EXERCISE GOAL: What lines below hold the string "model"? Copy them all.

Start of SOURCE RECORDS

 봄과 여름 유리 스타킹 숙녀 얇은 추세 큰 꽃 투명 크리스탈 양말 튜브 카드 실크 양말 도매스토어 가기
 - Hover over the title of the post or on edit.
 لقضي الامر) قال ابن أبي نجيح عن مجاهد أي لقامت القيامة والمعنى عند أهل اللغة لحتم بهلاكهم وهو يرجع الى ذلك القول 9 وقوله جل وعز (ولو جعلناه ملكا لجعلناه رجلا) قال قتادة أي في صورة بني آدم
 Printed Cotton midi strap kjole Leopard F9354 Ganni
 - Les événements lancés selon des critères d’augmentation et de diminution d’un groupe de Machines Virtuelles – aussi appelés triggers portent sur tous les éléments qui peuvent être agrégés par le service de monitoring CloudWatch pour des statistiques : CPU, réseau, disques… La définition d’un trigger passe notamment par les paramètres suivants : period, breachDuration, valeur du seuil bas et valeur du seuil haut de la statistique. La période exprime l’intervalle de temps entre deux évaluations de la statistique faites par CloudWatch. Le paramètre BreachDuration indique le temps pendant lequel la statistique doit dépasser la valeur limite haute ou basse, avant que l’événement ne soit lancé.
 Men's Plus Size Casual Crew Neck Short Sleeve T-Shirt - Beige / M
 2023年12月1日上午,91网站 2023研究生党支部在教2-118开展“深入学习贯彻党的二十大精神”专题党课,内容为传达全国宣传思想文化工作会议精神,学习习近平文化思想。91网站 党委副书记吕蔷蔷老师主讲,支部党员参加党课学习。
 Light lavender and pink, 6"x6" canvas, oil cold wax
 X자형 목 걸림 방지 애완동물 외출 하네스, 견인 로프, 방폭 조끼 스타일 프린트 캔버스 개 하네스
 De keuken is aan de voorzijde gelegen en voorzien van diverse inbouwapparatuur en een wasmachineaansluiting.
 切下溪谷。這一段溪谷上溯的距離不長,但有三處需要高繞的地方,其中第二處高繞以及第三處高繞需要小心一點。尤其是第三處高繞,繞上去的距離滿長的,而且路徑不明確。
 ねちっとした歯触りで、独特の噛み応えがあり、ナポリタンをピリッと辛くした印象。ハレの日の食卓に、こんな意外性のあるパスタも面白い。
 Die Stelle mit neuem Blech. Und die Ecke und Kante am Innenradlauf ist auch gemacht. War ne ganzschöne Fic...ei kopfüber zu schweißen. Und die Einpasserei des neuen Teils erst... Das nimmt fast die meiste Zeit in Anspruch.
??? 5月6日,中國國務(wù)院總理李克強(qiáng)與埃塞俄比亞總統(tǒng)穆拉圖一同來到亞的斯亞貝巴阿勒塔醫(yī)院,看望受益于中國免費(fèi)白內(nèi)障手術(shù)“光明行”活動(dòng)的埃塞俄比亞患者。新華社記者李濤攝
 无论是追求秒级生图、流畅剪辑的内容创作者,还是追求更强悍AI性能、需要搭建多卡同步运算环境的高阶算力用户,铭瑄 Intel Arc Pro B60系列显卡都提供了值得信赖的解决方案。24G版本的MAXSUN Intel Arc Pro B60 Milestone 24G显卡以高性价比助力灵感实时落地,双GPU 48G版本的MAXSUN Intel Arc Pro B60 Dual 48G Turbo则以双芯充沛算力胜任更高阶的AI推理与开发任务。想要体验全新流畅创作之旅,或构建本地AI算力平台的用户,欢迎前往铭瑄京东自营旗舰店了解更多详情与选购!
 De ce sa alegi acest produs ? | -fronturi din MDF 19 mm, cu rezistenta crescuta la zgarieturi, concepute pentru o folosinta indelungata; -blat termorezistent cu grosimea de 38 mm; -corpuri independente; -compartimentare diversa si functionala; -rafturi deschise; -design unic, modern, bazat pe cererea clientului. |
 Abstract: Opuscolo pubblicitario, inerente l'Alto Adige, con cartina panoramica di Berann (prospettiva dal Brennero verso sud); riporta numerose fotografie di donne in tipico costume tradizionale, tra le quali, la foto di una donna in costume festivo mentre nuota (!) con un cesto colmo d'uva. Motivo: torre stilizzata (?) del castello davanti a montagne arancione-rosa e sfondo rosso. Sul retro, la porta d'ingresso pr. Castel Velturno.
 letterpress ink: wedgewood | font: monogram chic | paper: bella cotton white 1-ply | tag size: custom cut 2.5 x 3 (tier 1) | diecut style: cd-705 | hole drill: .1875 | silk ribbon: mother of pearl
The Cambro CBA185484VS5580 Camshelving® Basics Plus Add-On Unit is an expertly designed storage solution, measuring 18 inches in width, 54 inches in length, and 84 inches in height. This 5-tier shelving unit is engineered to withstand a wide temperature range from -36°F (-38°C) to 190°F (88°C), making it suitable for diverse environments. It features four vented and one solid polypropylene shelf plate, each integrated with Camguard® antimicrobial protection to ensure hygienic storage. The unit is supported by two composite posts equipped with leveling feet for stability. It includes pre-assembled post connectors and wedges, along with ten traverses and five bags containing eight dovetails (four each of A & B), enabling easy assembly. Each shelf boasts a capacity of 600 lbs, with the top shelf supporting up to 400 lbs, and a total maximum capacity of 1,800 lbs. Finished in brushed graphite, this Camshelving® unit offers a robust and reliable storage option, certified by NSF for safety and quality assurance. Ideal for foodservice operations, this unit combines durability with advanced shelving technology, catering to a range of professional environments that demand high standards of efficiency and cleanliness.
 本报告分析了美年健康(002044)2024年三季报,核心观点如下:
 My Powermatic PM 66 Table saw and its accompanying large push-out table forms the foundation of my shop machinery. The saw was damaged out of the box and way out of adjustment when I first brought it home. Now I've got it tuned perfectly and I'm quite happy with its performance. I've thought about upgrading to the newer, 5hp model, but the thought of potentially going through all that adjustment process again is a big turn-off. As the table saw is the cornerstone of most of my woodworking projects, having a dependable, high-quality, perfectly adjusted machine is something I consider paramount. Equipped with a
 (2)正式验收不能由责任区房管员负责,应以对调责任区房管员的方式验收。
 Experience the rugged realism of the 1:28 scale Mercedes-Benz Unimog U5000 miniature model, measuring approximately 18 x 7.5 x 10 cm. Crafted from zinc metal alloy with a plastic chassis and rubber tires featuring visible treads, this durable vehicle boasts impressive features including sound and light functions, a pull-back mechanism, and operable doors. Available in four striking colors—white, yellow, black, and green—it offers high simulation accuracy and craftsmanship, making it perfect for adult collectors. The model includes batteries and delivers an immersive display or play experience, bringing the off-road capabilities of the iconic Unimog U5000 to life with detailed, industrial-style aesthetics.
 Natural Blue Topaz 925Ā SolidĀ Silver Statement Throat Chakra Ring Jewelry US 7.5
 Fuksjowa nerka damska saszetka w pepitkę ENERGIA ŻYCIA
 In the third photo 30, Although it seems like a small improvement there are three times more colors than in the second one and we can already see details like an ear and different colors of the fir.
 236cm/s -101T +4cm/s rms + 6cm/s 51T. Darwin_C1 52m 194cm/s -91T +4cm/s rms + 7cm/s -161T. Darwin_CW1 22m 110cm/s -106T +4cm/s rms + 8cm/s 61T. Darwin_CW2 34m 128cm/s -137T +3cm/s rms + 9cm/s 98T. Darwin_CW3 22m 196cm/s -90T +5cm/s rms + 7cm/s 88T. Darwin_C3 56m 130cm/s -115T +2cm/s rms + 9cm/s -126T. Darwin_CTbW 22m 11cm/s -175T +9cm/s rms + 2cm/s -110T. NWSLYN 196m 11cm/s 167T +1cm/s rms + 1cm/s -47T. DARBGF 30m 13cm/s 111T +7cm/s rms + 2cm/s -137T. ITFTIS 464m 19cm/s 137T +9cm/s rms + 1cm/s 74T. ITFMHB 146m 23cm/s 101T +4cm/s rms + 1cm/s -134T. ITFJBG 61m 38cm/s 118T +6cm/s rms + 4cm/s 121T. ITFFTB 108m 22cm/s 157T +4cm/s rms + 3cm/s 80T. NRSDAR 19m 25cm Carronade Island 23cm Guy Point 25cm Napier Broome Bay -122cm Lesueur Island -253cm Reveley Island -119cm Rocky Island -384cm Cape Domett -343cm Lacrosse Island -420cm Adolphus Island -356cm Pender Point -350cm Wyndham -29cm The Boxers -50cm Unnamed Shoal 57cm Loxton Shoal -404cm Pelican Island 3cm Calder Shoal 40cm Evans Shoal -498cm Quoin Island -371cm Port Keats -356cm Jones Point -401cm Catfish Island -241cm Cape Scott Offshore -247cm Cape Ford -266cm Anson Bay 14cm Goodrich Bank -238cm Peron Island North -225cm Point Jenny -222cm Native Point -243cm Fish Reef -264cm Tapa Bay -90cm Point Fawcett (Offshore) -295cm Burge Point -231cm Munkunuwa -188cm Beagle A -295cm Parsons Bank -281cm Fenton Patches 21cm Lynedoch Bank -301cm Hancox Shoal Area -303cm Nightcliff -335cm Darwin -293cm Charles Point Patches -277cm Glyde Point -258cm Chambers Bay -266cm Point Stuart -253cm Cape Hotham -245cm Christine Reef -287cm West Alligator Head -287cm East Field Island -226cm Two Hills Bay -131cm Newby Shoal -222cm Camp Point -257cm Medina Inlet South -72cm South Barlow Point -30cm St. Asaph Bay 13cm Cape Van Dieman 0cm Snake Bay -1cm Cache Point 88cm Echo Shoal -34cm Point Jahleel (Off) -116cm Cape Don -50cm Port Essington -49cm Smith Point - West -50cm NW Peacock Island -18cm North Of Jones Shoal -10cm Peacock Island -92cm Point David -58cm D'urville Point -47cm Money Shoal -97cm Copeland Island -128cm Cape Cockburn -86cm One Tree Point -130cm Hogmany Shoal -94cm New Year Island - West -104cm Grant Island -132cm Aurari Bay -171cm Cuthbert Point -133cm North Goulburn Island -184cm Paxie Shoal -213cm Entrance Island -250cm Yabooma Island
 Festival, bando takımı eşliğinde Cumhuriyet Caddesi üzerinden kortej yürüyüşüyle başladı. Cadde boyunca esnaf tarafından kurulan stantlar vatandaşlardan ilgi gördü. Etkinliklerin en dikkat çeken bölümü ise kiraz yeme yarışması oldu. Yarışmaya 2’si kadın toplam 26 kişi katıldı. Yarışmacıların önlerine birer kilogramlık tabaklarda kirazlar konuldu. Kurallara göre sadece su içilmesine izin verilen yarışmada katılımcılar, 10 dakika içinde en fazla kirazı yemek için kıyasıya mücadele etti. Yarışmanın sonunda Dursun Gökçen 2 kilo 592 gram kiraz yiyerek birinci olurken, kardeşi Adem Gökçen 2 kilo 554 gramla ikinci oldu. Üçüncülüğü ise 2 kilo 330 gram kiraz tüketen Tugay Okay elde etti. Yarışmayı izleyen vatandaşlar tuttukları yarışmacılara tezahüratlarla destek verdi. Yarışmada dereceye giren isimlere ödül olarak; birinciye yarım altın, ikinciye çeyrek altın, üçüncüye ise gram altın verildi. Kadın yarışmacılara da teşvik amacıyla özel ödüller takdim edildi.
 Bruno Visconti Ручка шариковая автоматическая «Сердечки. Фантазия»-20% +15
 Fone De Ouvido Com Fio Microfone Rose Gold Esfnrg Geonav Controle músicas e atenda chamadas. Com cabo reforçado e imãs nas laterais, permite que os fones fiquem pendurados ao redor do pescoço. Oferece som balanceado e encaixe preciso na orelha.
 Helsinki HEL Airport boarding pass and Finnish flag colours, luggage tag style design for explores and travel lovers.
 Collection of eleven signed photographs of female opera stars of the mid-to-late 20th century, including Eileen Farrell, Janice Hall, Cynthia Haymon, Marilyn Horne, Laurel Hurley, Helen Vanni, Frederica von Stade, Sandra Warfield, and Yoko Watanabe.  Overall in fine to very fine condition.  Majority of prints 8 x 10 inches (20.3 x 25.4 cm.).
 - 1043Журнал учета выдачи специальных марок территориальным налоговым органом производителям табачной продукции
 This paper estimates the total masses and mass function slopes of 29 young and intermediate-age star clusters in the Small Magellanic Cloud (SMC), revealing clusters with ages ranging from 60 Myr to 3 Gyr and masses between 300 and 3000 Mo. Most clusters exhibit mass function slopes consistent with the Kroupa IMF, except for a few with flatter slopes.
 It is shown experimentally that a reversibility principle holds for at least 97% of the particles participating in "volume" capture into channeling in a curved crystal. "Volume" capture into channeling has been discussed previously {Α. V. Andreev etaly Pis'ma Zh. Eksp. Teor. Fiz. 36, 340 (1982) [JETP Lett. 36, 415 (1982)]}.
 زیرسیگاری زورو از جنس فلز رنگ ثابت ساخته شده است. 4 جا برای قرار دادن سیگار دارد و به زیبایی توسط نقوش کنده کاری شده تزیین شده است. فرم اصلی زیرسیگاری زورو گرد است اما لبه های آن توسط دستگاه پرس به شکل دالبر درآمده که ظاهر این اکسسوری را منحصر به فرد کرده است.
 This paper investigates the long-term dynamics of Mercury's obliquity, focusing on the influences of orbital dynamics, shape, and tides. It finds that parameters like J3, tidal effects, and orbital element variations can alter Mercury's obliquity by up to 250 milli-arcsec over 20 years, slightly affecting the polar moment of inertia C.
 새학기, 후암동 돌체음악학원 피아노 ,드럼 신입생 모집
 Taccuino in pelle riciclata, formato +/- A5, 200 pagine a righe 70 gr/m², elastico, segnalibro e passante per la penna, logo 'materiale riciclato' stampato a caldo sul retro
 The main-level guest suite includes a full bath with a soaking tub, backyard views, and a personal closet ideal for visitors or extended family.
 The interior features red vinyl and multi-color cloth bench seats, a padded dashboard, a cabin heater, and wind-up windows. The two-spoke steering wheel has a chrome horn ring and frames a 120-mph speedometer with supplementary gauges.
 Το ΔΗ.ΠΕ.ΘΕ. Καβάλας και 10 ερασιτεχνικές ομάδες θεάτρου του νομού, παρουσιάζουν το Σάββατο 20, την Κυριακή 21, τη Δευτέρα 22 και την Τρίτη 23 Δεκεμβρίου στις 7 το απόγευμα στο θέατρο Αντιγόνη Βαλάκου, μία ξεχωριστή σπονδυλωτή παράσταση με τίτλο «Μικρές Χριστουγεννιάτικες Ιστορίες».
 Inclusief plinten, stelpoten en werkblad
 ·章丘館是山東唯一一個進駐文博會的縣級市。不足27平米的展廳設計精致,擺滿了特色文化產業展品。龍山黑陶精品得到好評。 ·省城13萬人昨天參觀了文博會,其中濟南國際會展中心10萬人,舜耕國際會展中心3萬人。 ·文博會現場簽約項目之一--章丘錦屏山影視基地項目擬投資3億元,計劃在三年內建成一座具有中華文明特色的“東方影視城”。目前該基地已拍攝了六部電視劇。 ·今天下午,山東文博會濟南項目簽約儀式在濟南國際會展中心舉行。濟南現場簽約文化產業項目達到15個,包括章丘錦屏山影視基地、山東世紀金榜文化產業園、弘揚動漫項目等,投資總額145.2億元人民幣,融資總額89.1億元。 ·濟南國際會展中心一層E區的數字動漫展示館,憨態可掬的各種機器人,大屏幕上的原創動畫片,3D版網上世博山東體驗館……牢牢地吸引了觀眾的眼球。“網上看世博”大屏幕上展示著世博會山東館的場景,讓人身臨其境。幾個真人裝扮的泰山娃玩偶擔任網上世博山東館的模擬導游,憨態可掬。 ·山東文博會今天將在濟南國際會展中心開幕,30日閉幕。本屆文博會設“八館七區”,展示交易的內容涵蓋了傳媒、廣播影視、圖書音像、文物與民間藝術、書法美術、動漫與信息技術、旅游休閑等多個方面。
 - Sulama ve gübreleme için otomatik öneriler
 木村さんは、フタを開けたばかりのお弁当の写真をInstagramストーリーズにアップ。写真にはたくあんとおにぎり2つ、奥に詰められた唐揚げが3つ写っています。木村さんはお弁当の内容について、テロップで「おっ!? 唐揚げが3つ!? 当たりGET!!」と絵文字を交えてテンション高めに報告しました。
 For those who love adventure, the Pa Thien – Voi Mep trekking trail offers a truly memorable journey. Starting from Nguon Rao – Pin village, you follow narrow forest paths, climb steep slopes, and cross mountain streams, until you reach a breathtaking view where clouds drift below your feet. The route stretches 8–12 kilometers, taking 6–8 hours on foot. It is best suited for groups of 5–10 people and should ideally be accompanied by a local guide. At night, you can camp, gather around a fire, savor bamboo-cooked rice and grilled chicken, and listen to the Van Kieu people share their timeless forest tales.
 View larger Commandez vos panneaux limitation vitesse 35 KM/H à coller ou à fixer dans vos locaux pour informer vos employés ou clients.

End of SOURCE RECORDS

RESPONSE TO THIS EXERCISE:
 My Powermatic PM 66 Table saw and its accompanying large push-out table forms the foundation of my shop machinery. The saw was damaged out of the box and way out of adjustment when I first brought it home. Now I've got it tuned perfectly and I'm quite happy with its performance. I've thought about upgrading to the newer, 5hp model, but the thought of potentially going through all that adjustment process again is a big turn-off. As the table saw is the cornerstone of most of my woodworking projects, having a dependable, high-quality, perfectly adjusted machine is something I consider paramount. Equipped with a
 Experience the rugged realism of the 1:28 scale Mercedes-Benz Unimog U5000 miniature model, measuring approximately 18 x 7.5 x 10 cm. Crafted from zinc metal alloy with a plastic chassis and rubber tires featuring visible treads, this durable vehicle boasts impressive features including sound and light functions, a pull-back mechanism, and operable doors. Available in four striking colors—white, yellow, black, and green—it offers high simulation accuracy and craftsmanship, making it perfect for adult collectors. The model includes batteries and delivers an immersive display or play experience, bringing the off-road capabilities of the iconic Unimog U5000 to life with detailed, industrial-style aesthetics.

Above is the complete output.